**Exercise directions:** Using the data that follows, output only the lines from the line with "Выставляется вначале ВМТ" up to and including the line with "The Bunka knife, a", exactly, leaving pictures aside.

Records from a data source
--

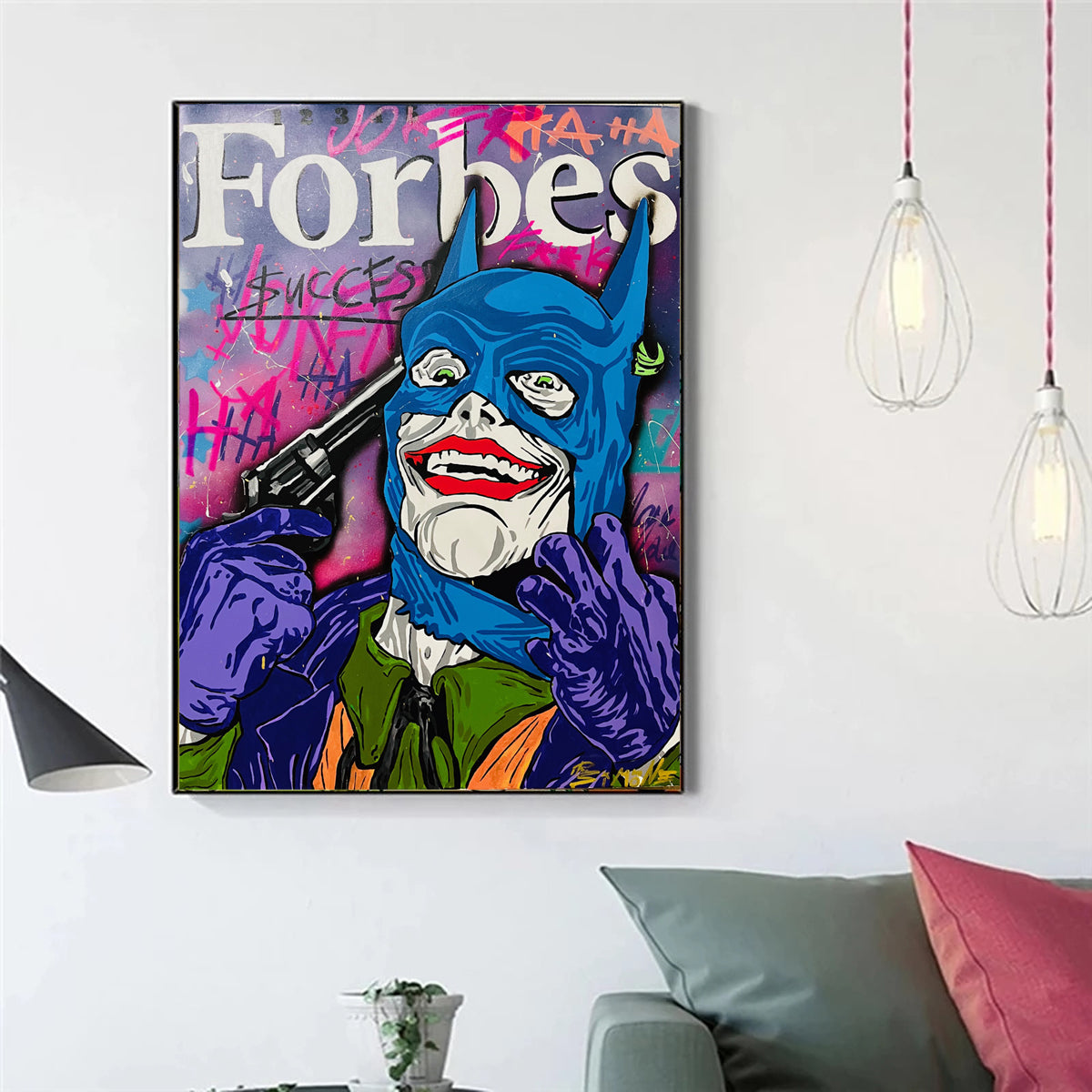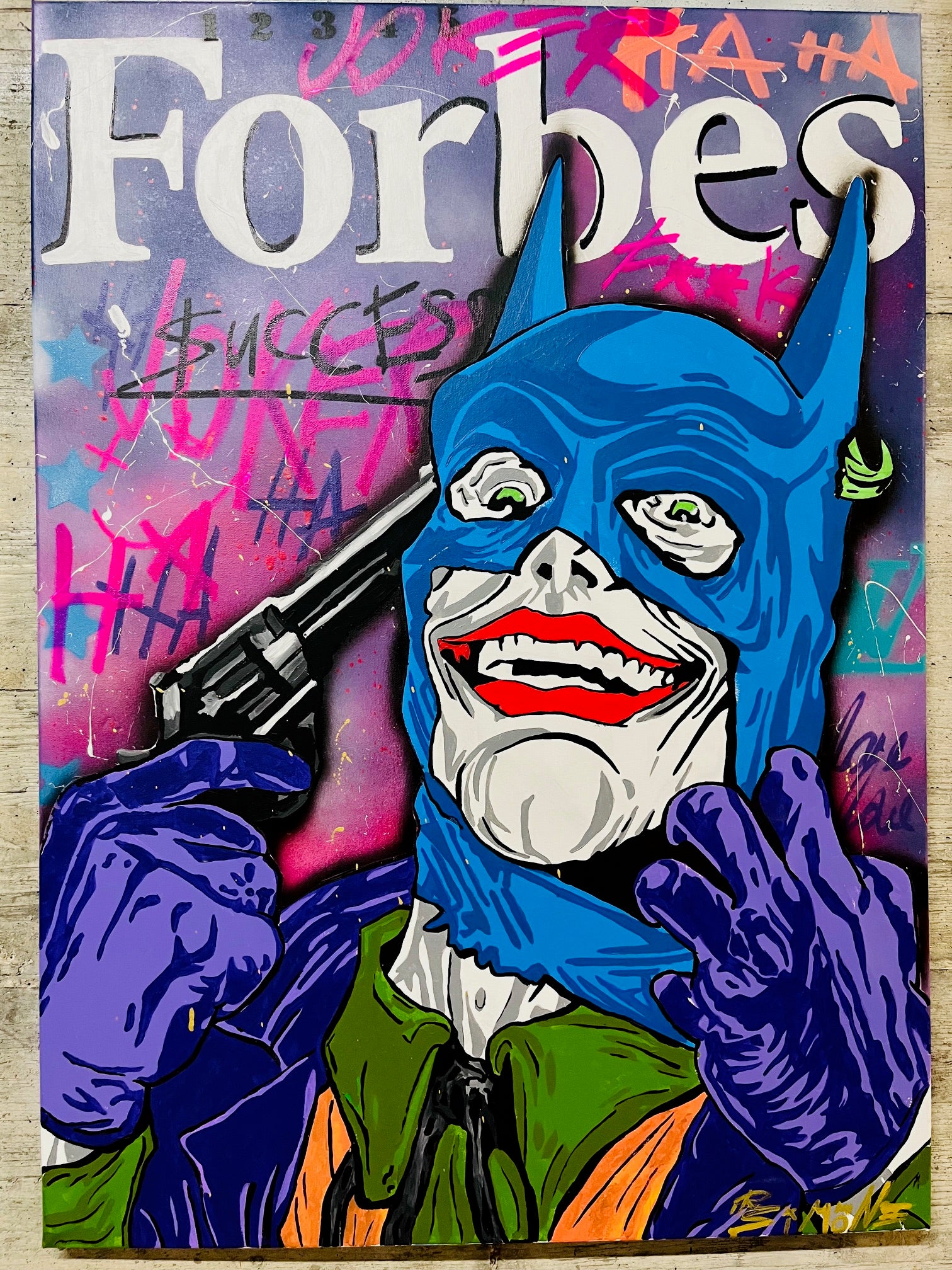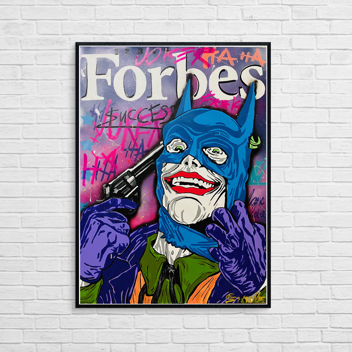 First work of 2024 - drawn and hand painted by Italian artist Simone De Rosa. In this artwork the artist represents Joker in one of the many acts of madness while he points the gun to his head while wearing a Batman mask. Forbes magazine is the only one to put all this madness on the front page. The background is pure street style
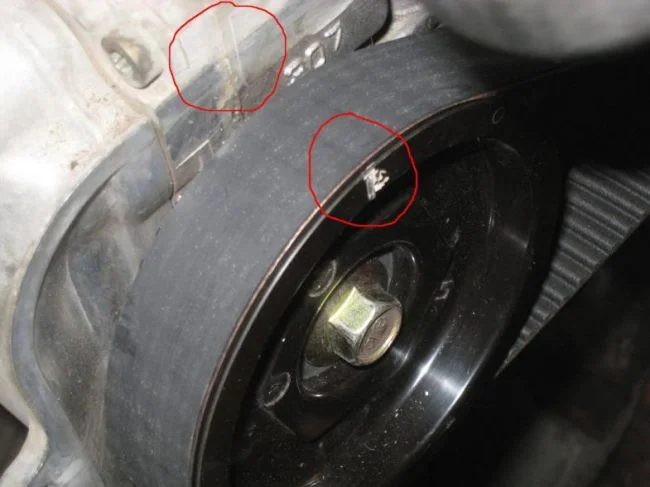 Выставляется вначале ВМТ первого цилиндра, проверяется метка на коленвале(если не дошёл коленвал, тогда докрутить до метки)
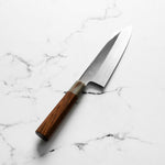 The Bunka knife, a versatile and traditional Japanese kitchen tool, features a distinctive, angular tip and a wide blade. It's designed for precision tasks like slicing, dicing, and chopping. Ideal for handling vegetables, meat, and fish, the Bunka is a multifunctional knife celebrated for its utility and unique aesthetic.
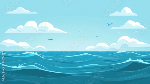 © MetaPixel, Fototapeta premium Flat sea background illustration in a cartoon style
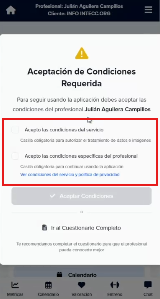 💡 Cuando un cliente entra por primera vez en la App y no está vinculado, podrá rellenar el cuestionario inicial, incluso aceptar las condiciones del servicio. Esto es importante ya que lo único que le tenemos que decirles es que se registren, rellenen y acepten las condiciones (marquen la casilla) de esta forma tenemos la información necesaria de ellos antes de empezar con nuestros servicios y han aceptado la normativa legal.
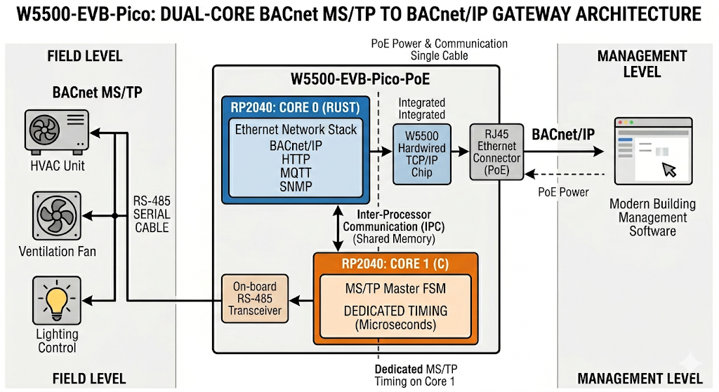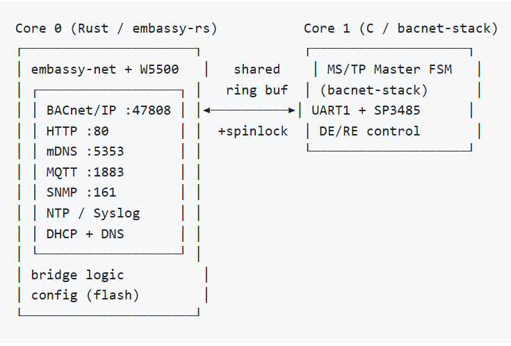 Core 0 (Rust / embassy-rs) W5500으로 BACnet/IP, HTTP, MQTT, mDNS, SNMP, NTP, Syslog를 동시에 처리합니다. 두 코어는 공유 링 버퍼와 스핀락으로 데이터를 주고받습니다.
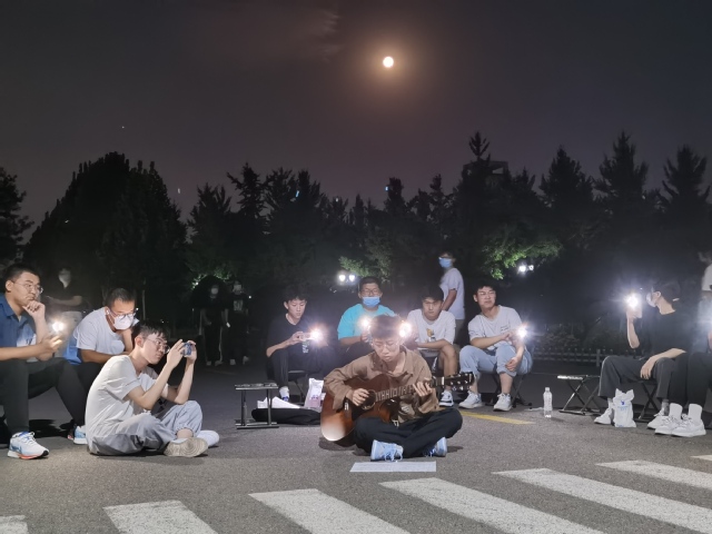 活动伊始,同学们以班级为单位依次作自我介绍,阳光自信、热情大方的展现自己,分享家乡的历史文化、风土人情,从云南腾冲到黑龙江大庆,从宁夏银川到山东威海,天南海北的新同学,为了同一个梦想相约麻醉,进一步增强了彼此的相互了解,增进了同学们的感情。随后,各班以独唱、合唱、舞蹈、相声等节目将联欢会的氛围带入一个又一个高潮。“夜空中最亮的星,请指引我靠近你”,何正霖同学倾情演唱《夜空中最亮的星》,歌声嘹亮,宛转悠扬,感谢遇见,令人回味;冯丽萍同学带来的的跆拳道表演,一招一式尽显舒展豪放、洒脱自如,彰显出跆拳道的无穷的魅力和深刻的内涵;张建文和陈正阳同学俯卧撑比赛,动作标准,展现出青春的活力与坚韧不拔的毅力,激发起在场同学们的运动热情;李卓群同学吉他弹唱,一首《成都》,引起在场同学的共鸣,遥寄思乡之情,祝愿家国美好......活动现场穿插着击鼓传花、丢手绢等游戏互动环节,同学们沉浸在热闹欢乐的节日氛围中,精彩的节目赢得了阵阵掌声,热闹非凡。皓月当空时,同学们纷纷拿起手机记录下这月圆时刻,分享给身边的朋友或是远方的家人,寄予美好的祝愿。
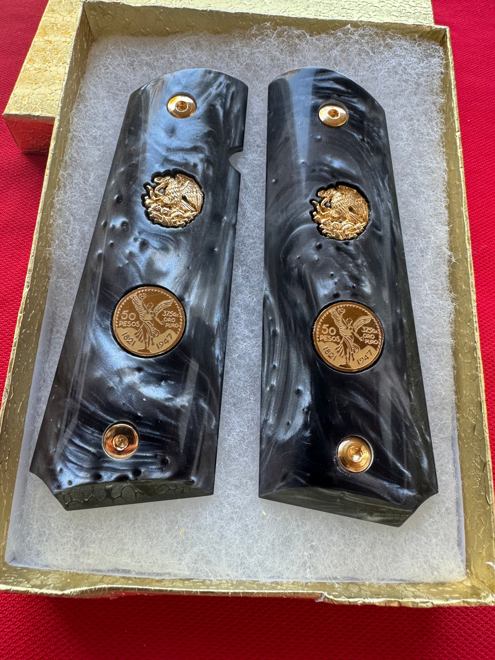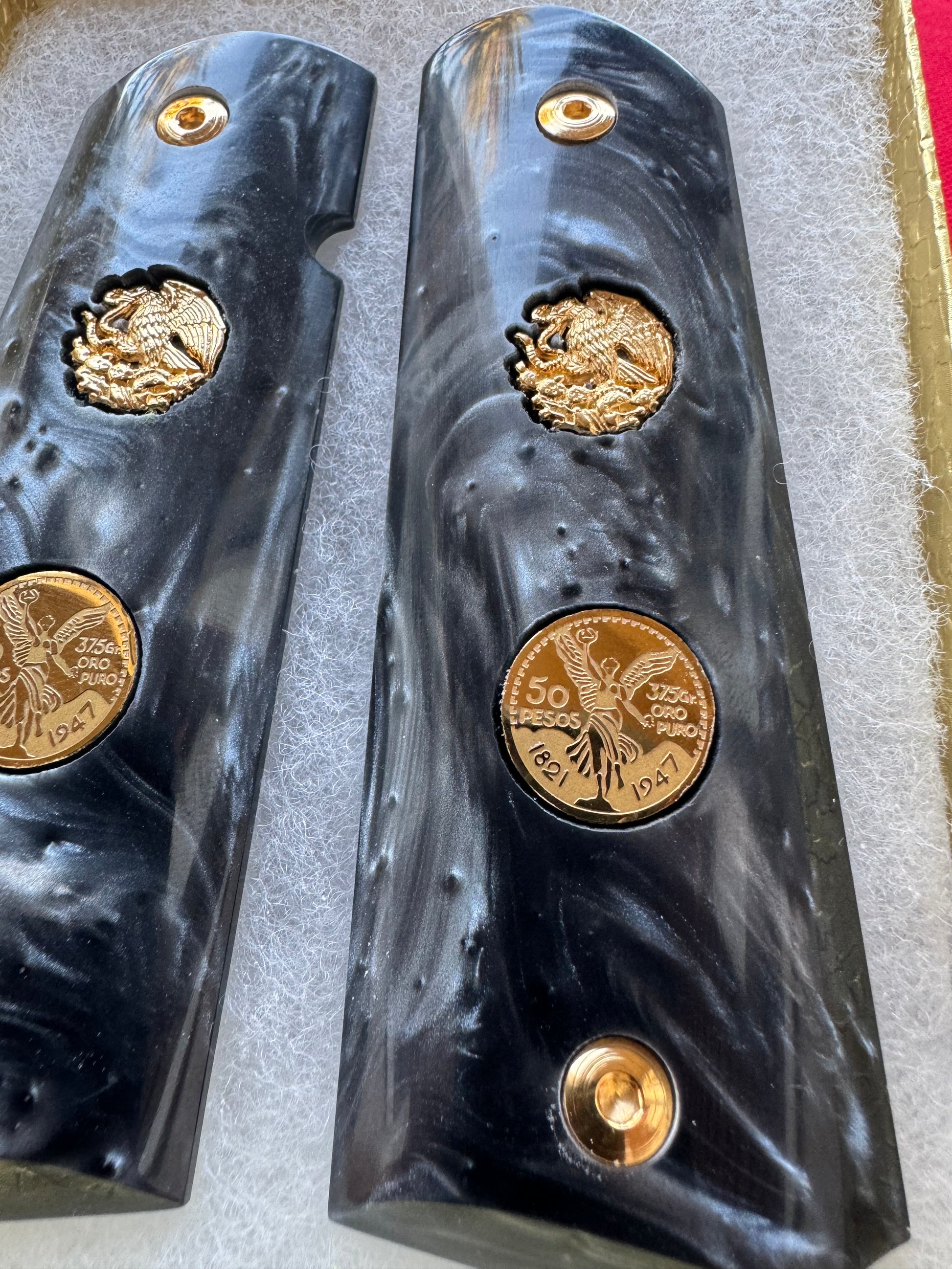 1911 "Aguila" “Centenario” Black Pearl 24k Gold Plated Inlayed Grips Pearl Grips

--

**Solution for this problem:**
 Выставляется вначале ВМТ первого цилиндра, проверяется метка на коленвале(если не дошёл коленвал, тогда докрутить до метки)
 The Bunka knife, a versatile and traditional Japanese kitchen tool, features a distinctive, angular tip and a wide blade. It's designed for precision tasks like slicing, dicing, and chopping. Ideal for handling vegetables, meat, and fish, the Bunka is a multifunctional knife celebrated for its utility and unique aesthetic.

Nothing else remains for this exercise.